I think this is another Blow Fly (a.k.a. Green Bottle Fly) but it looks different somehow....rounder or squatier. Please help with ID.

Images of this individual: tag all
Fly - Chrysomya rufifacies - male Fly - Chrysomya rufifacies - male

but it is not listed in Whitworth as occurring in Oklahoma.
These green/blue metallic flies are a confusing lot, I'm not even sure it is a calliphorid.

I don't have the credentials or education required to even comment but....

It seems to me that if Texas and Louisiana have them then why not Oklahoma ? Here's an example of what I mean, alligators are not indigenous to Oklahoma and you wouldn't think they should be here but they are. They migrated in from Louisiana. I guess my point is that just because a book says they shouldn't be here doesn't mean they aren't. It's the same with BugGuide data. Oklahoma is, in my opinion, very under represented but it doesn't mean that critters don't exist here just because they don't show up on a data map.

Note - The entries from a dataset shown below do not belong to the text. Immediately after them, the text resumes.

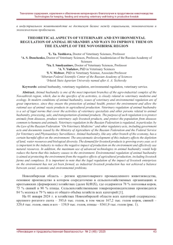 Животноводство - одна из важнейших отраслей агропромышленного комплекса Новосибирской области, которая из-за специфики своей деятельности тесно связана с ветеринарией и экологией. В современных условиях ведения животноводства вопросы ветеринарного и экологического регулирования имеют большое значение, поскольку обеспечивают охрану здоровья животных, защищают окружающую среду и позволяют рационально использовать продукты жизнедеятельности животных в сельскохозяйственном производстве. Ветеринарное регулирование животноводства - это совокупность юридических норм, которые охватывают деятельность ветеринарных специалистов и других лиц, связанных с животноводством, переработкой, реализацией, транспортировкой продукции животного происхождения. Цель такого регулирования - защита животных от болезней, выпуск безопасных в ветеринарном отношении продуктов животноводства и защита населения от болезней, общих для человека и животных. Ветеринарное регулирование в Российской Федерации регламентируется в частности Законом РФ «О ветеринарии» и другими нормативными актами, включая правительственные акты и документы, которые издают Министерство сельского хозяйства РФ и Федеральная служба по ветеринарному и фитосанитарному надзору. Животноводство, как и любая другая отрасль экономики, оказывает определённое вредное воздействие на окружающую среду. Бессистемное развитие данной отрасли влияет на истощение земель, водных ресурсов и биологического разнообразия. С каждым годом растёт спрос на продукцию животноводства, поэтому в отрасли важно снижать негативное влияние производства на окружающую среду и эффективно использовать природные ресурсы. В частности, максимальное применение передовых технологий в животноводстве способствовало бы уменьшению вреда, который эта отрасль наносит экологии. Экологическое регулирование животноводства нацелено на защиту окружающей среды от негативного влияния сельскохозяйственного производства, в том числе животноводческих ферм и комплексов. Важно отметить, что правовое регулирование воздействия животноводческих предприятий на окружающую среду ещё не сформировано, так как в индустриальном животноводстве не достигнут баланс между социальными, экономическими и экологическими проблемами.
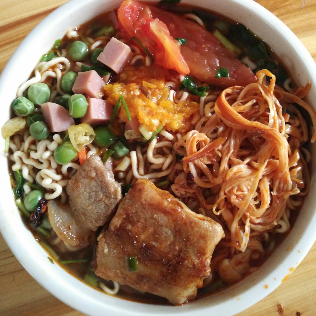 一袋泡面愣是做成华丽丽的豪华大餐有没有?😍😍😍😍
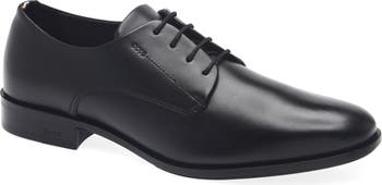 A streamlined profile brings timeless sophistication to a derby rendered in rich leather for versatile styling.
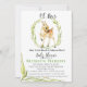 Watercolor baby shower invitation features a baby deer in a ring of greenery . It reads, "Oh Deer, Our Little Buck is Almost Here!" Personalize with your party information and customize the font style, size or colour. Visit our store to view other items in this collection to make your celebration personalized.
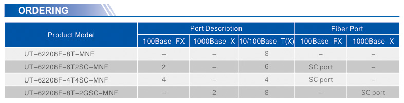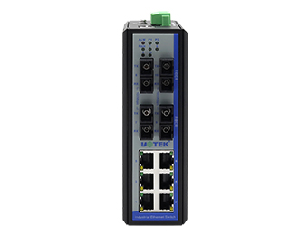 UT-62208F series are managed industrial Ethernet switches. It supports up to 10 ports, which included 2 Gigabit fiber ports, plug & play; it supports 1 console port, provides CLI management; and it supports industrial field Ethernet layer 2 protocol, this ensure the network stability. This switch is low power consumption; the fanless design prevents it from noise interference. The operating temperature range is from -40~85°C; together with EMC compatibility, these make the switch works stable under poor environment, which provides safe and reliable solution for industrial automation, intelligent transportation, video monitoring, and other industrial application networking access.
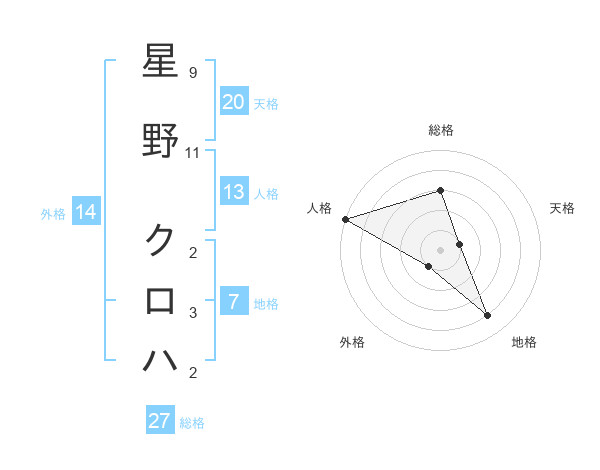 星野 クロハさんの天格は20画の1点!
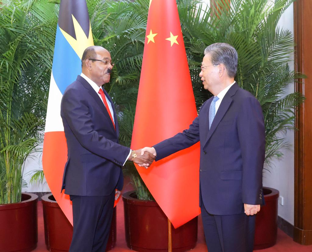 China's NPC is willing to carry out multi-level and multi-channel communication and exchanges with the parliament of Antigua and Barbuda to provide a solid legal guarantee for bilateral cooperation in various fields, Zhao said. He went on to add that China is willing to strengthen coordination and cooperation with Antigua and Barbuda on multilateral occasions, deepen cooperation on climate change and global environmental governance, and jointly safeguard the legitimate rights and interests of developing countries.

That's not really the point
Why do you think it's this species? Or, perhaps, why does Ron think it's this species. You are one that always seems to want an explanattion as to why species X is species X and yet you accept this specimen as a Chrysomya. In fact, you even go as far as identifying it to the species level! I don't know if it is or isn't. I cannot justify placing it in a genus, only wish I could.

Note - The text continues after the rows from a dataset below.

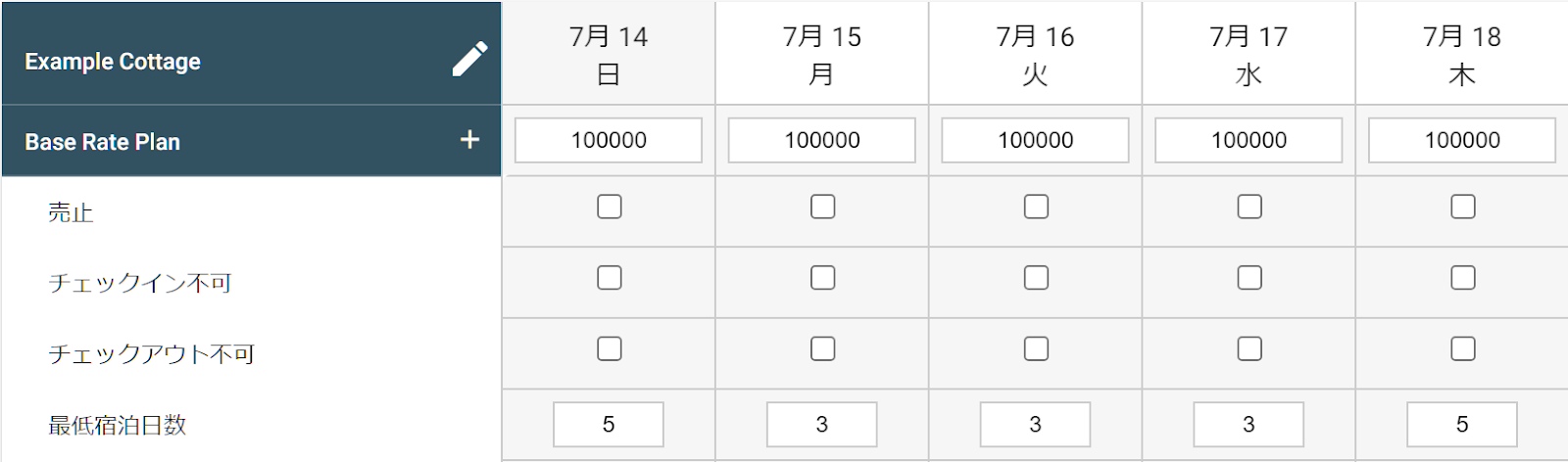 - この設定がされた場合、チェックイン不可とチェックアウト不可の設定を使用して、予約の前後にこの泊数のギャップの生成を強制します。
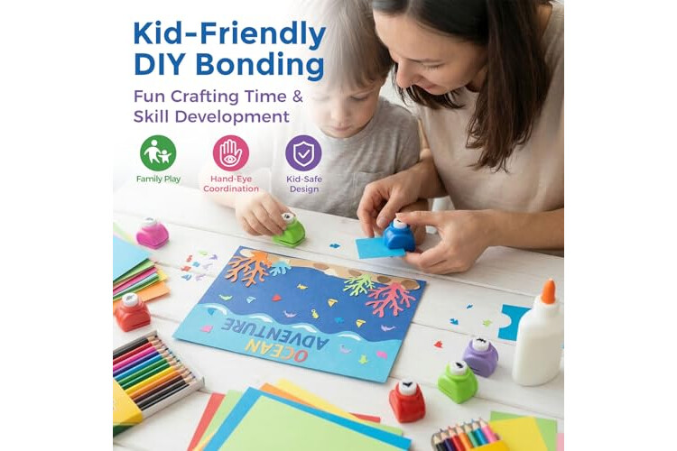 Kid-Friendly DIY Bonding: Fun Crafting Time - Specially designed for families, the 1.25-inch mini size is perfect for small hands to grip and operate。As a highly-rated hole puncher for crafts, it allows parents to guide children in creating various sea creatures, enhancing their fine motor skills and hand-eye coordination while enjoying DIY fun. It’s an ideal way to bond and build deeper emotional connections through shared creativity
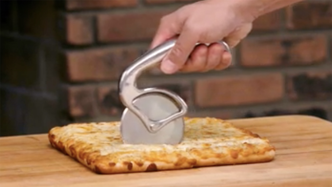ピザカッターといえば、手でハンドルを動かし刃を回転させることで、簡単にピザが切れる便利アイテム。
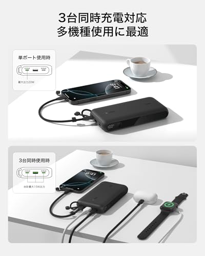 USB-Cケーブル内蔵で、USB-C×2、USB-A×1の3ポート搭載。3台同時充電も可能です。
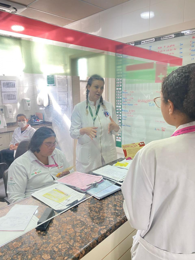A professora Ana Alice Meneses, responsável pela disciplina de Fonoaudiologia Hospitalar e supervisora da ação, destaca a importância do fonoaudiólogo no diagnóstico, tratamento e reabilitação da disfagia. “O profissional atua junto à equipe médica para garantir uma deglutição segura e eficaz, prevenindo complicações como desnutrição, desidratação e aspiração traqueal, que pode levar a infecções respiratórias.”
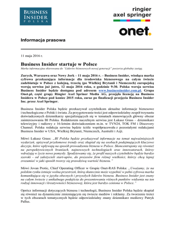 Business Insider P O L S K A Informacja prasowa 11 maja 2016 r. Business Insider startuje w Polsce Marka informacyjna skierowana do “Liderów biznesowych nowej generacji” poszerza globalny zasięg. Zurych, Warszawa oraz Nowy Jork – 11 maja 2016 r. – Business Insider, wiodąca marka cyfrowa przekazująca informacje dla środowiska biznesowego na całym świecie zadebiutuje w Polsce z kolejną, trzecią (po Wielkiej Brytanii i Niemczech) europejską wersją serwisu już jutro, 12 maja 2016 roku, o godzinie 9:30. Polska wersja serwisu Business Insider będzie dostępna pod adresem www.businessinsider.com.pl. Grupa Onet.pl, część grupy Ringier Axel Spriner Media AG, przejęła licencję na Business Insidera w Polsce pod koniec 2015 roku, zaraz po finalizacji przejęcia Business Insider Inc. przez Axel Springer. Business Insider Polska będzie przekazywał czytelnikom aktualne informacje biznesowe i technologiczne z Polski i świata. Za przygotowanie treści jest odpowiedzialny zespół trzynastu doświadczonych dziennikarzy specjalizujących się w tematach stanowiących główny obszar zainteresowania BI Polska. Redaktorem naczelnym serwisu jest Łukasz Grass – dziennikarz telewizyjny i radiowy z 16-letnim doświadczeniem m.in. w TVN24, TOK FM i Discovery Channel. Polska redakcja serwisu będzie ściśle współpracowała z pozostałymi redakcjami Business Insider w USA, Wielkiej Brytanii, Niemczech, Australii i Azji. Mówi Łukasz Grass: „BI Polska będzie przekazywał informacje na temat najważniejszych wydarzeń, opisywał przełomowe trendy oraz skupiał się na osobach podejmujących kluczowe decyzje, które wpływają na sposób prowadzenia biznesu w Polsce. Skoncentrujemy się również na perspektywicznych branżach, najnowszych technologiach oraz innowatorach, którzy wdrażają w życie nowe pomysły. Spodziewamy się, że profil naszych czytelników będzie bardzo szeroki - od założycieli start-upów, do prezesów firm różnej wielkości, którzy chcą lepiej zrozumieć w jaki sposób tworzy się prawdziwą wartość biznesu.” Mówi Jovan Protic, Chief Operating Officer w Grupie Onet-RAS Polska: „Uważamy, że na polskim rynku istnieje wolna przestrzeń, którą skutecznie może wypełnić w pełni cyfrowa marka komunikująca się w języku obecnych i przyszłych liderów biznesu. Business Insider jest znany na całym świecie z unikalnego podejścia do prezentowania różnych punktów widzenia na ten rodzaj innowacji i kreatywności biznesowej, która jest bardzo ceniona w Polsce.” Oprócz informacji dotyczących biznesu i technologii, Business Insider Polska będzie skupiał się również na dynamicznie zmieniającym się świecie mediów i reklamy. Za tworzenie treści w tych obszarach tematycznych będzie odpowiedzialny znany dziennikarz mediowy Patryk Pallus. Business Insider P O L S K A Informacja prasowa Mówi Mark Dekan, Chief Executive Officer Ringier Axel Springer Media AG oraz CEO Grupy Onet-RAS Polska: „Specjalizujemy się w cyfrowych mediach i posiadamy silne dziennikarskie DNA, dlatego wprowadzenie Business Insider Polska na tak ważny rynek jest dla nas milowym krokiem, a Business Insider Polska będzie kolejną silną pozycją, którą dostarczymy naszym czytelnikom. Bardzo cieszy mnie również perspektywa współpracy z Business Insider oraz ich zespołami redakcyjnymi na całym świecie.” Business Insider jest wiodącym portalem informacyjnym w USA i jedną z najszybciej rozwijających się marek informacyjnych na świecie. Firma jest pionierem w dostarczaniu wiadomości biznesowych dostosowanych do cyfrowych mediów – udostępnianych w czasie rzeczywistym, dostosowanych do świata mediów społecznościowych i dostępnych w wersji mobilnej. Według Google Analytics, z sieci portali Business Insider korzysta w sumie 94 milionów unikalnych użytkowników miesięcznie. Mówi Henry Blodget, Redaktor Naczelny oraz CEO Business Insider: „Jesteśmy zachwyceni tym, że uruchamiamy dziewiątą międzynarodową wersję portalu właśnie w Polsce - jednym z kluczowych rynków w Europie. Grupa Onet-RAS Polska doskonale rozumie cyfrową przestrzeń i jest idealnym partnerem, który będzie wspierał nas w dostarczeniu do Polski informacji biznesowych w taki sposób, w jaki oczekuje tego nasza grupa docelowa.” *** O Business Insider Business Insider Inc. jest wydawcą Business Insider, Tech Insider, oraz dziewięciu międzynarodowych edycji Business Insider. Wprowadzony na rynek w 2007 roku, Business Insider jest największym portalem informacyjno-biznesowym w USA i jedną z najszybciej rozwijających się marek informacyjnych na świecie. Według Google Analytics sieć portali Business Insider dociera w sumie do 94 milionów unikalnych użytkowników miesięcznie. Firma jest pionierem w dostarczaniu wiadomości biznesowych dostosowanych do cyfrowych mediów i kierowanych do liderów biznesowych nowej generacji. Tech Insider został wprowadzony w lipcu 2015. Wprowadzanie marki Insider, pierwszej lifestylowej marki należąca do firmy jest planowane w tym miesiącu. Business Insider oferuje również dostępną abonamentowo usługę badawczą Business Insider Intelligence (BII), która dostarcza szczegółową wiedzę, dane oraz analizy dotyczące cyfrowego świata w kontekście m.in. ecommerce, płatności, technologii mobilnych, mediów społecznościowych, „Internetu Rzeczy” (IoT) oraz Fintech. Business Insider jest również gospodarzem dorocznej konferencji IGNITION, która jest jedną z najbardziej wpływowych konferencji w branży technologicznej.Business Insider Inc. jest spółką należącą do Axel Springer SE. Business Insider P O L S K A Informacja prasowa O Ringier Axel Springer Media AG Ringier Axel Springer Media AG został utworzony w 2010 przez szwajcarskiego Swiss Ringier AG oraz Niemieckiego Axel Springer SE i skupia aktywności obu akcjonariuszy w centralnej i zachodniej Europie. Firma prowadzi działalności na d

Nothing personal. I have moved the mis-identified Strickand fly and will probably move, or at least question, many of the others in this genus.

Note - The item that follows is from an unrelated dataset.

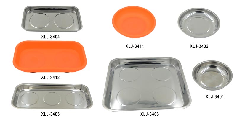 Magnetic trays in different size and material, contain strong permanent magnet. Can hold nuts, screws, small metal parts and tools. Great for jobsite, garage, office and home.

That's ok, not taken personally. I have no idea if the ID is correct or not but I accepted the ID because Ron knows his flies and I know nothing. Like I said I don't have the credentials or education to even comment but I thought what the hell, I'll throw in my two cents....or 1 cent....or half cent....or maybe I have no cents :-D

Not to belittle Ron
but I just moved many of his ID's to the correct species

Thanks, Tony, for all your help.
Your knowledge of flies is far greater than mine, plus I'm no scientist. Also, I did say "I think" in my first comment, indicating more of a guess than an ID.

Just saw this
"I am thinking this image may be of flies in the genus Chrysomya and NOT Lucilia. Update: Indeed, these appear to be adults of the "hairy maggot blow fly," Chrysomya rufifacies, an introduced species now not uncommon in Florida and other southern states. The blue posterior margins of each abdominal segment are quite diagnostic.
… Eric R. Eaton, 28 December, 2005 - 5:52pm

If this is correct then your fly would be a Chrysoma based on the posterior margins.
And the relatively wide gap between the eyes in the other shot would make this a male rufifacies. Now we have good evidence to put a name to this fly.

Hairy maggot blow fly, I think.
Nice name, huh? Nice shots, for sure.